MPs work on claptraps, not computers.

Your point about the separation of powers is well taken: we cannot just have expected that the Speaker should have hitched a ride with the president, but where is the adherence to the doctrine when it counts? Parliament is under-resourced and therefore almost toothless.

ANC MPs do not use their independent space to exercise oversight; they rubber-stamp.

Just this year, for example, the National Council of Provinces decided to overturn National Assembly changes to the Independent Communications Authority of South Africa Amendment Bill; changes that sought to ensure the regulator’s independence.

And last month the ethics committee also mimicked the executive’s response to a damning auditor general report on the undeclared business interests of Cabinet members as well as of senior civil servants instead of exercising the oversight it enjoys.

But the problem is deeper, the issue different.

Perhaps I am old fashioned (and more and more I realise these views may in fact be arcane) in believing that a peoples’ government should rule humbly and with as little show and pomp as possible.

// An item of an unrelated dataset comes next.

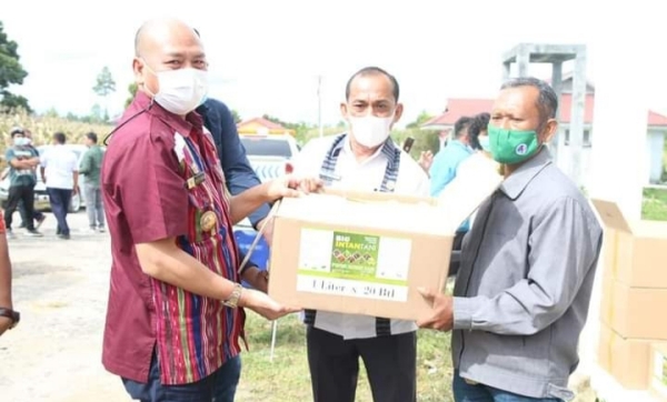 TAPANULI UTARA - Bupati Tapanuli Utara (Taput) Nikson Nababan menyerahkan pupuk cair hayati kepada 578 kelompok tani (Poktan)  dari 15 kecamatan dengan total 50.000 liter. Penyerahan dilakukan secara simbolis di Balai Penyuluh Pertanian (BPP) Siarang-arang Tarutung, Jumat (30/72021).

We don’t need a public-sector jet set or even the cavalcades of shiny black sedans that so regularly tear down our highways and careering past the ordinary folk.

It is too ”us” and ”them”; too reminiscent of post-independence elites across Latin America and the rest of Africa.

I have a dream that the children of MPs go to public schools, that ministers fly economy class and MPs come to work on bicycles or even the train. It is a lonely dream.